Another core issue for comparison of the two techniques is the cost. The approximate total costs of building the OCE and LMIV systems are listed in Table 1. The LMIV system is approximately one-tenth the cost of the OCE system. The LMIV system requires a simple HeNe laser, whereas the OCE system requires a broadband low coherence swept source laser. As the LMIV system is an open space system, there are no expensive fiber based components. Fiber optical components are becoming more mainstream and prices continue to decrease. However, the price disparity will still exist due to the sheer difference in complexity of the two systems.
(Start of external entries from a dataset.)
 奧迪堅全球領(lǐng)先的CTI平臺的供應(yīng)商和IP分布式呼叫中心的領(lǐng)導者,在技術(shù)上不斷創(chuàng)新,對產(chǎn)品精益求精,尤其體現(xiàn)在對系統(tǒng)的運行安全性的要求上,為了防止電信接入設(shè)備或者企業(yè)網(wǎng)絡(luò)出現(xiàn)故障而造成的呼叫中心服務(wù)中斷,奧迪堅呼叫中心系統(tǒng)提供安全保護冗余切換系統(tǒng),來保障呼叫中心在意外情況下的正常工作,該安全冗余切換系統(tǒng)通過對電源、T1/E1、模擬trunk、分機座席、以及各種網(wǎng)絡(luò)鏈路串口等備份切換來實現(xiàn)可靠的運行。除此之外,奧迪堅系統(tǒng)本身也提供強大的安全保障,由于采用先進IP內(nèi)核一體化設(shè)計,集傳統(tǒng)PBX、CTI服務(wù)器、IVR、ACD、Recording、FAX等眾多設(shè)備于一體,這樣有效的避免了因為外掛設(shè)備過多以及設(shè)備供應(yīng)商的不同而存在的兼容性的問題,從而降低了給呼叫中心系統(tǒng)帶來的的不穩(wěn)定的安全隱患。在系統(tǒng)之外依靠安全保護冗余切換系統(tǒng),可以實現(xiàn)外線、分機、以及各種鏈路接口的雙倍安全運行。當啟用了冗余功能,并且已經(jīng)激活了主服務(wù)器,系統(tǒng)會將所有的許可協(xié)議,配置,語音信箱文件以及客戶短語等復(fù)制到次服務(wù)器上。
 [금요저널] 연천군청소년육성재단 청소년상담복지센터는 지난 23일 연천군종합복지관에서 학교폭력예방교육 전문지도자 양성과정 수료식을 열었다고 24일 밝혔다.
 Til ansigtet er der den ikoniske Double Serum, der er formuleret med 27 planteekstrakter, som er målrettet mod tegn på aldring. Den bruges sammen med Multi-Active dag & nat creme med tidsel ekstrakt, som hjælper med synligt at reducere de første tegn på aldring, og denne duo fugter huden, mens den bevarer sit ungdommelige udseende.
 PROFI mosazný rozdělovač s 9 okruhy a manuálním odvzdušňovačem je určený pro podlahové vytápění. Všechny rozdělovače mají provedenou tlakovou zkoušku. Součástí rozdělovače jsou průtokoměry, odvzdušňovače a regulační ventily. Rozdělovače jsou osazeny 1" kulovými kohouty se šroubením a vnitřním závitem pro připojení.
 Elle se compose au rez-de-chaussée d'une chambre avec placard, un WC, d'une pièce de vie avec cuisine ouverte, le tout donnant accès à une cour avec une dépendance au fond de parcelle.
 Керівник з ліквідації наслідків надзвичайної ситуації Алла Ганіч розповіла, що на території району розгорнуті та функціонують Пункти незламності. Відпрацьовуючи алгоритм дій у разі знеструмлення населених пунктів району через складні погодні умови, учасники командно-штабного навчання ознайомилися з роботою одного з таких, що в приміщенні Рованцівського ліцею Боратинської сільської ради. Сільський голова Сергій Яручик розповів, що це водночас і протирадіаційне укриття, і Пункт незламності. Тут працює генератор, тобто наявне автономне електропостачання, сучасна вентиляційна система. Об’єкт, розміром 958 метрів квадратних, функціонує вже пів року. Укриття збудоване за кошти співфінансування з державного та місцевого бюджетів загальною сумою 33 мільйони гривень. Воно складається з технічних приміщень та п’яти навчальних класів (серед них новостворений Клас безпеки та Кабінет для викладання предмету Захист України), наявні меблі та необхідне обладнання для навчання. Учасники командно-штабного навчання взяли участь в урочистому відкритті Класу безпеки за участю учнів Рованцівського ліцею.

Table 1. Approximate cost in $US of the OCE and LMIV systems used in this study
OCE
LMIV
Light source 20000 850
Optical components 4500 2550
Scan 2850 0
Control units 6500 600
Data acquisition 10000 150
Data processing 3000 500
Total cost 46850 4650
5 Conclusion
In this work we have utilized two optical techniques, laser Michelson interferometric vibrometry (LMIV) and optical coherence elastography (OCE) to assess the elasticity of tissue-mimicking agar phantoms. A focused air-pulse induced elastic waves in the samples, which were then detected by the two techniques. The stiffness of the agar phantoms as quantified from the velocity were measured by the LMIV and OCE systems was in good agreement. The LMIV system was significantly less complex and cost-effective as compared to the OCE system, but the LMIV system cannot provide-depth resolved elasticity assessment. Therefore, if depth-resolved elasticity or high spatial resolutions are not necessary, then LMIV may be a simple and cost-effective technique to measure the elasticity of tissues completely noninvasively.